The analysis report affinity_api_call.csv contains the call information of native APIs and classifies the APIs into the following types: class, function, Torch (PyTorch framework APIs), and special. You can manually replace the native APIs with specified affinity APIs in the training script based on the analysis report, and run the script after replacement on the to achieve better performance. The following is an example of the analysis report.Figure 3 Example of an affinity API analysis report
- When the analysis mode is dynamic_shape, the analysis result is as follows:
1 2 3 4 5
├── xxxx_analysis // Output directory of the analysis result. │ ├── generated_script_file // The directory structure is the same as that of the script file before analysis. │ ├── msft_dynamic_analysis │ ├── hook.py // Includes function parameters for dynamic shape analysis. │ ├── __init__.py
After the dynamic shape analysis result file is generated, modify the for loop for reading the training dataset in the training script file in the analysis result output directory and manually enable dynamic shape detection. For details, see the following example.

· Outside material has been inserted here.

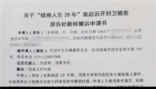 原标题:开封市卫健委和“错换人生28年”案当事人庭外和解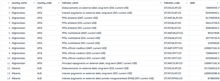 Designed and executed advanced SQL queries to extract relevant debt data by country and debt category.

Before the modification:for i, (ings, targets, paths, _) in pbar:
Modify the following information in bold:
for i, (ings, targets, paths, _) in DETECTOR.start(pbar):
If you run the analyzed and modified training script, an analysis report (msft_dynamic_shape_analysis_report.csv) that saves the dynamic shapes is generated in the root directory where the analysis result file is located.
- It is recommended that the model training script file obtained through dynamic shape analysis be executed on GPUs. If the model training script file has been migrated and needs to be run on NPUs, the running time of operators with dynamic shapes will be long.
- If the generated msft_dynamic_shape_analysis_report.csv file is empty, the training script does not use dynamic shapes.